# HDR SHOOTOUT#37



## JRE313 (May 9, 2012)

I hope you like cars. Here is the raw files look like.
Have Fun!









Raw File Download
DSC_0025.NEF (9,23 MB) - uploaded.to
DSC_0026.NEF (8,64 MB) - uploaded.to
DSC_0027.NEF (9,89 MB) - uploaded.to


----------



## Trever1t (May 9, 2012)

it only allows 1 DL per hour? I wanted to play!


----------



## JRE313 (May 9, 2012)

Trever1t said:


> it only allows 1 DL per hour? I wanted to play!


be patient, only 3 raws


----------



## Trever1t (May 9, 2012)

well, first time using Photomatix 4.2 and had problems with my usual workflow, ended up importing the NEFs directly.

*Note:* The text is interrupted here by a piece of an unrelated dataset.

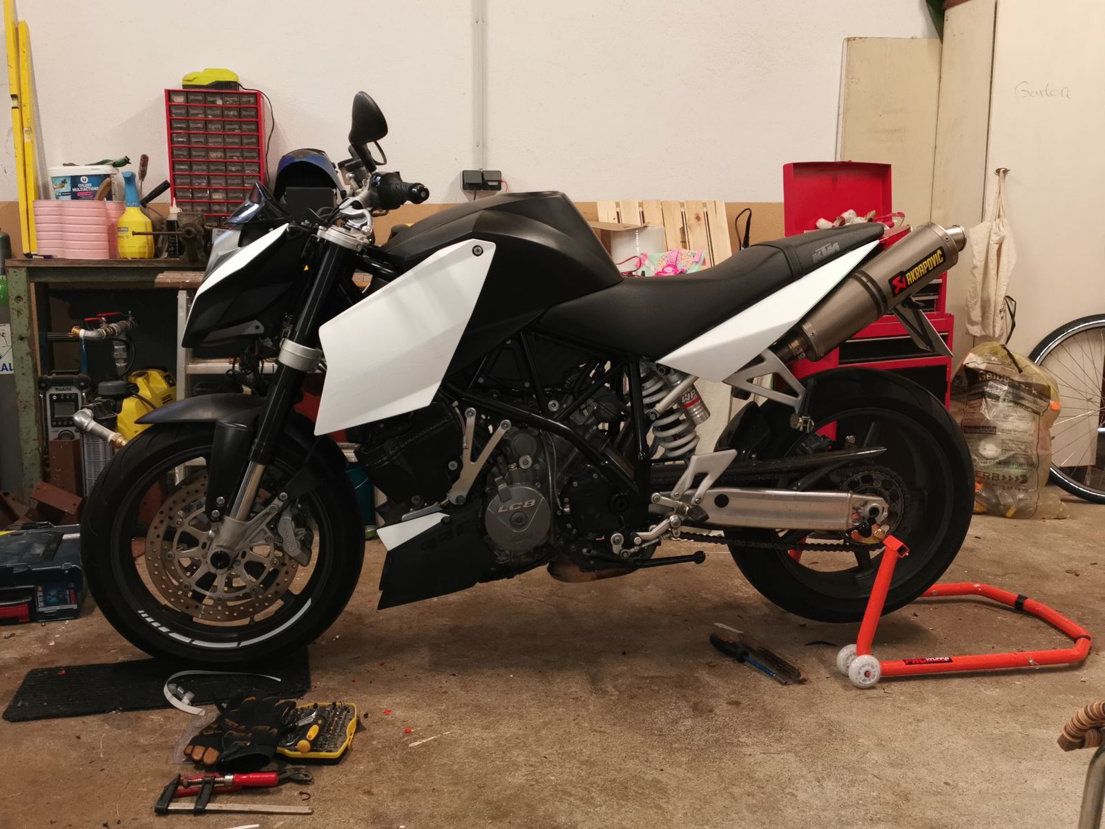 letztes Jahr habe ich mir eine Superduke 990 aus dem Jahr 2005 zugelegt. Ich bin sehr zufrieden und das Bike macht unglaublich viel Spaß. Das einzige was mir nicht gefällt ist die Front. Wenn ich im Netz suche finde ich einige Umbauten wobei mir der Umbau auf dieDuke 3 Maske am besten gefällt. Leider finde ich keine detaillierte Umbauanleitung sondern nur ein paar sehr unscharfe Bilder. Hat vielleicht jemand hier im Forum so einen Umbau schon vorgenommen der mir eventuell ein paar Tipps zu den Halterungen und der Kabelunterbringung geben kann.

DSC_0025_6_7_tonemapped by Trever1t, on Flickr


----------



## Bynx (May 9, 2012)

Trevor, you didnt address the guy walking by on the right. He is half there and half gone. You should have used the manual deghosting feature.


----------



## vipgraphx (May 10, 2012)

Man you need to pick another way of uploading. Use dropbox next time so much better. 3 hours to download the 3 files.......


----------



## vipgraphx (May 10, 2012)

Here is my go.....I did 3  darker one and bright one and a grungy fun one


*Darker*



charger 37 by VIPGraphX, on Flickr

*Brighter*



charger bright 37 by VIPGraphX, on Flickr

*Grungy fun*



charger fun 37 by VIPGraphX, on Flickr


----------



## Trever1t (May 10, 2012)

Bynx said:


> Trevor, you didnt address the guy walking by on the right. He is half there and half gone. You should have used the manual deghosting feature.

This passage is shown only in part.